◆ PROBLEM REQUIREMENTS
Return all the data exactly, keeping the pictures out.

◆ PROVIDED DATA
────

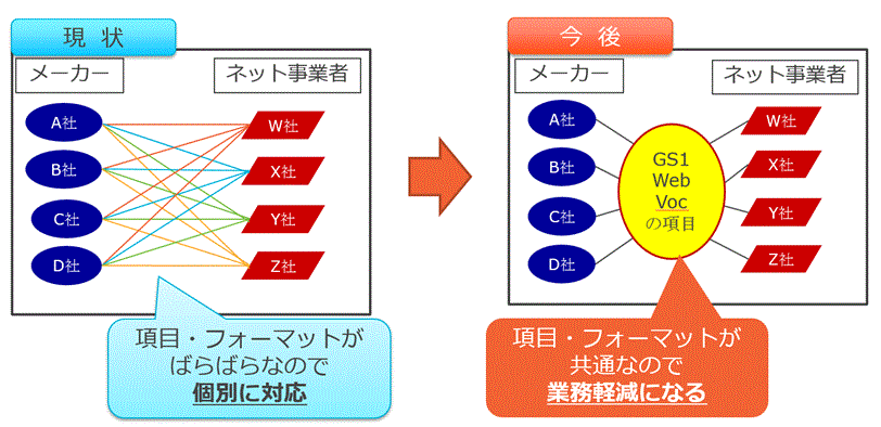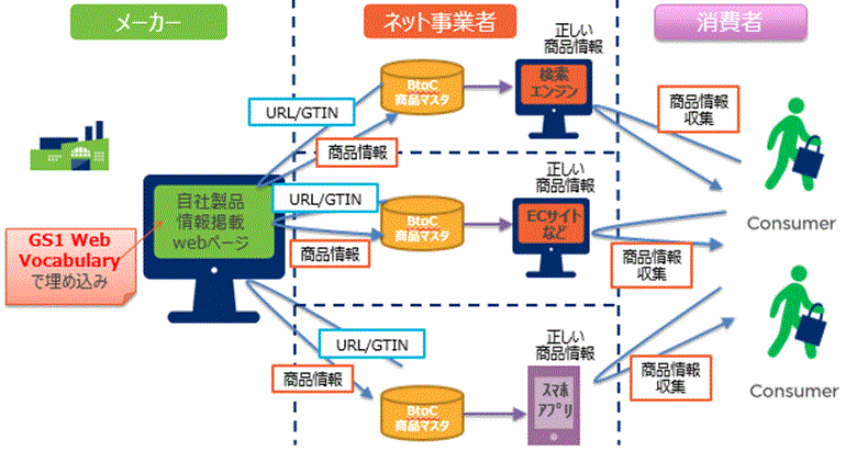 また、B2B2Cにおける商品情報授受なども技術的には可能である。現状では項目、フォーマットが乱立し不効率が発生している企業間の情報連携に対し、GS1 Web Vocabularyが標準として項目が用意されていることもあり、商品情報のスムーズな連携につながることが期待される。
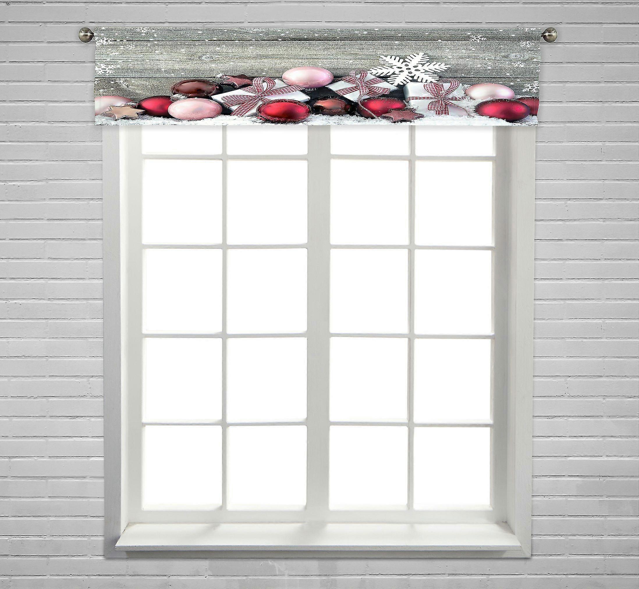 Christmas Colorful Baubles Gift Boxes Snow Window Curtain Valance Rod Po @BUGU
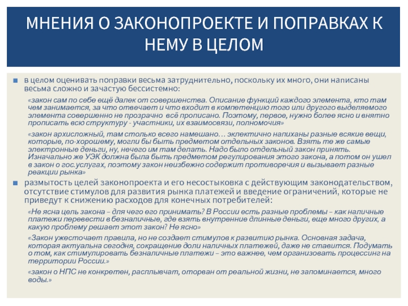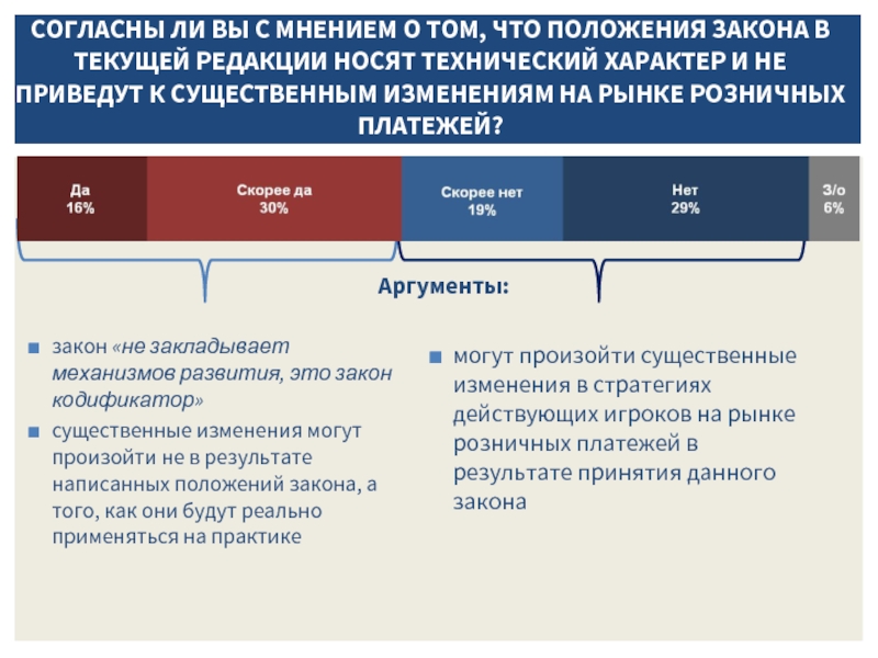 СОГЛАСНЫ ЛИ ВЫ С МНЕНИЕМ О ТОМ, ЧТО ПОЛОЖЕНИЯ ЗАКОНА В ТЕКУЩЕЙ РЕДАКЦИИ НОСЯТ ТЕХНИЧЕСКИЙ ХАРАКТЕР И НЕ ПРИВЕДУТ К СУЩЕСТВЕННЫМ ИЗМЕНЕНИЯМ НА РЫНКЕ РОЗНИЧНЫХ ПЛАТЕЖЕЙ?

────

◆ WORKED SOLUTION
 また、B2B2Cにおける商品情報授受なども技術的には可能である。現状では項目、フォーマットが乱立し不効率が発生している企業間の情報連携に対し、GS1 Web Vocabularyが標準として項目が用意されていることもあり、商品情報のスムーズな連携につながることが期待される。
 Christmas Colorful Baubles Gift Boxes Snow Window Curtain Valance Rod Po @BUGU
 СОГЛАСНЫ ЛИ ВЫ С МНЕНИЕМ О ТОМ, ЧТО ПОЛОЖЕНИЯ ЗАКОНА В ТЕКУЩЕЙ РЕДАКЦИИ НОСЯТ ТЕХНИЧЕСКИЙ ХАРАКТЕР И НЕ ПРИВЕДУТ К СУЩЕСТВЕННЫМ ИЗМЕНЕНИЯМ НА РЫНКЕ РОЗНИЧНЫХ ПЛАТЕЖЕЙ?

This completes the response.